::: Records shown

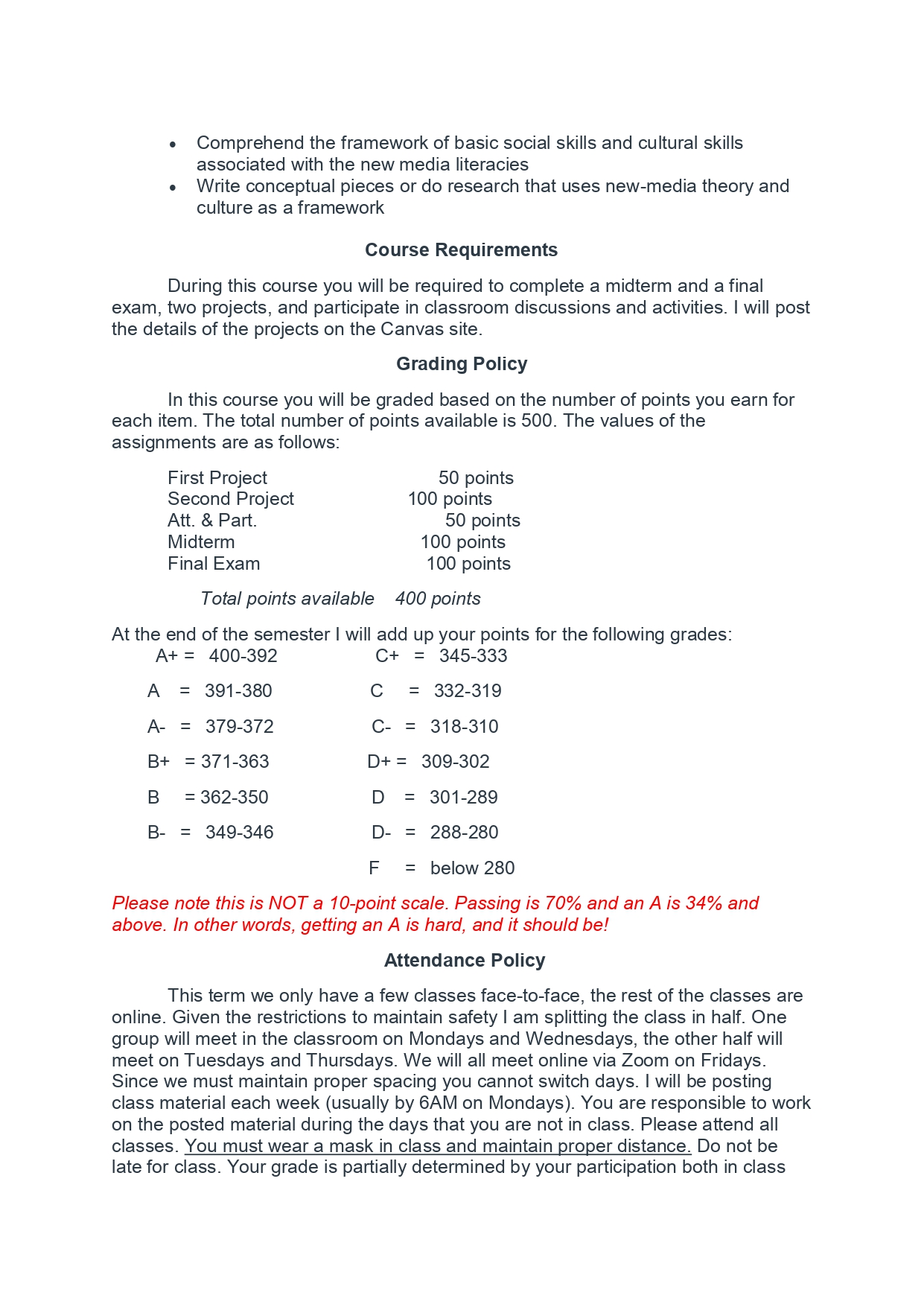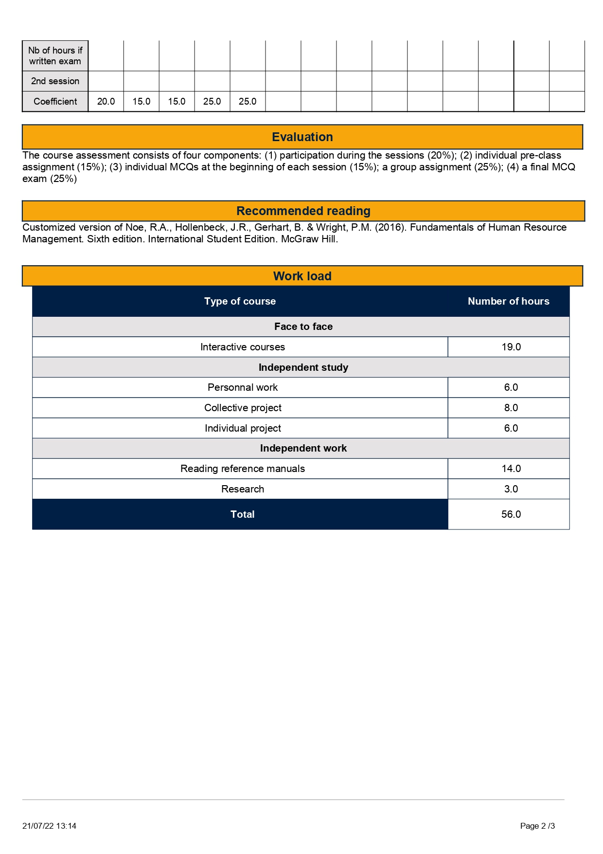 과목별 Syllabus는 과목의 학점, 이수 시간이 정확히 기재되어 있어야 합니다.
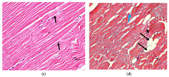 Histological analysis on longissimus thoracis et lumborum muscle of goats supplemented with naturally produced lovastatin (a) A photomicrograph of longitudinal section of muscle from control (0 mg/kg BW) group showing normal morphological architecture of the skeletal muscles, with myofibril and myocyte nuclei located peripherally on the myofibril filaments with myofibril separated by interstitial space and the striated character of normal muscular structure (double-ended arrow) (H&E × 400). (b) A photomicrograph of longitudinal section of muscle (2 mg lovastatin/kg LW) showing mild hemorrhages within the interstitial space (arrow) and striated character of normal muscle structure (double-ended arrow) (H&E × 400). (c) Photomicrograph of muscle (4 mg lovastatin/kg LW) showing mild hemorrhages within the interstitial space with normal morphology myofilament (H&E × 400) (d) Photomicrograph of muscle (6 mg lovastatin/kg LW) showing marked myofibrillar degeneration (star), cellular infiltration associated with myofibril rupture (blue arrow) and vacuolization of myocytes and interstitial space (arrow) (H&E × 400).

::::::
::: Records shown

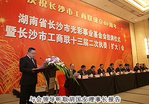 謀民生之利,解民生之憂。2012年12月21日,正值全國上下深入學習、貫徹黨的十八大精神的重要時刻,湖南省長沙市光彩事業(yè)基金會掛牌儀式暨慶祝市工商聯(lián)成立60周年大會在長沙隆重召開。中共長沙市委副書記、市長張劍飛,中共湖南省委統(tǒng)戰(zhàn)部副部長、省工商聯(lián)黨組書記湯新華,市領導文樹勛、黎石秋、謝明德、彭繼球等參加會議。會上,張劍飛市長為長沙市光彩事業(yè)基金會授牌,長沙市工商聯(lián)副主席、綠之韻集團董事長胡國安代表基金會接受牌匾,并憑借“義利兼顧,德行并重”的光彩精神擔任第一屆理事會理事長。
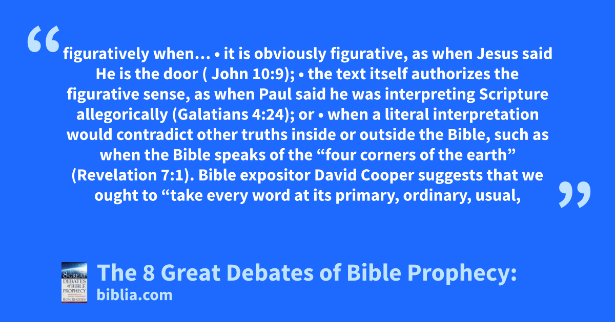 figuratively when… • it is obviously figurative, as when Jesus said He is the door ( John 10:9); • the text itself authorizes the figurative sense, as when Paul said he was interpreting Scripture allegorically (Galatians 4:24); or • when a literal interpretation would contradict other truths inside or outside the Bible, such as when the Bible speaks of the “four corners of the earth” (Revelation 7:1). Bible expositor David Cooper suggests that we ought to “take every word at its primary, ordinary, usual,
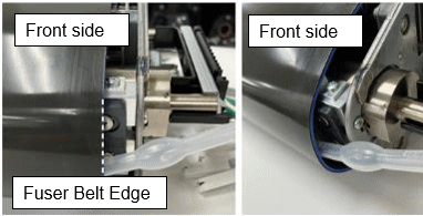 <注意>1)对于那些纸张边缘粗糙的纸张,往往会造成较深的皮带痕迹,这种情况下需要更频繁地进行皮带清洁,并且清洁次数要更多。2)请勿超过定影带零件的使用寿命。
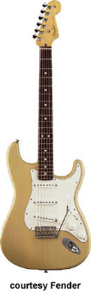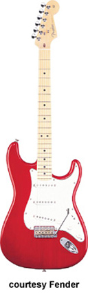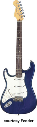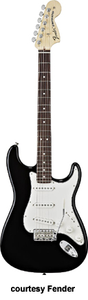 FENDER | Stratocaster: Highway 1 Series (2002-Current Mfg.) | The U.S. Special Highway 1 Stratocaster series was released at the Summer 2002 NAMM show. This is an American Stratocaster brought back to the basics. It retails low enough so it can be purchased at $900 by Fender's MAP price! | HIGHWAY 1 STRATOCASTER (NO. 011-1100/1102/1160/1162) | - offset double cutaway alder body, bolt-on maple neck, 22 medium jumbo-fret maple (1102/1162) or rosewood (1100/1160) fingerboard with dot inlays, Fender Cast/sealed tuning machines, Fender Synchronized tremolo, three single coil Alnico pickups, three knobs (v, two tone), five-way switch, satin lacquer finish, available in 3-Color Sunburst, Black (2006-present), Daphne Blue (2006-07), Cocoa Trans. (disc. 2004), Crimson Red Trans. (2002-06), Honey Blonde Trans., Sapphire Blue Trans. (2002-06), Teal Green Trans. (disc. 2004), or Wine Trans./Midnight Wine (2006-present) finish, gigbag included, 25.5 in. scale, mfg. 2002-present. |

::::::

=== Prompt ===
Drop the pictures; return the lines above from the line containing "과목별 Syllabus는 과목의" to the line containing "Histological analysis on", both included, exactly.

=== Problem solution ===
 과목별 Syllabus는 과목의 학점, 이수 시간이 정확히 기재되어 있어야 합니다.
 Histological analysis on longissimus thoracis et lumborum muscle of goats supplemented with naturally produced lovastatin (a) A photomicrograph of longitudinal section of muscle from control (0 mg/kg BW) group showing normal morphological architecture of the skeletal muscles, with myofibril and myocyte nuclei located peripherally on the myofibril filaments with myofibril separated by interstitial space and the striated character of normal muscular structure (double-ended arrow) (H&E × 400). (b) A photomicrograph of longitudinal section of muscle (2 mg lovastatin/kg LW) showing mild hemorrhages within the interstitial space (arrow) and striated character of normal muscle structure (double-ended arrow) (H&E × 400). (c) Photomicrograph of muscle (4 mg lovastatin/kg LW) showing mild hemorrhages within the interstitial space with normal morphology myofilament (H&E × 400) (d) Photomicrograph of muscle (6 mg lovastatin/kg LW) showing marked myofibrillar degeneration (star), cellular infiltration associated with myofibril rupture (blue arrow) and vacuolization of myocytes and interstitial space (arrow) (H&E × 400).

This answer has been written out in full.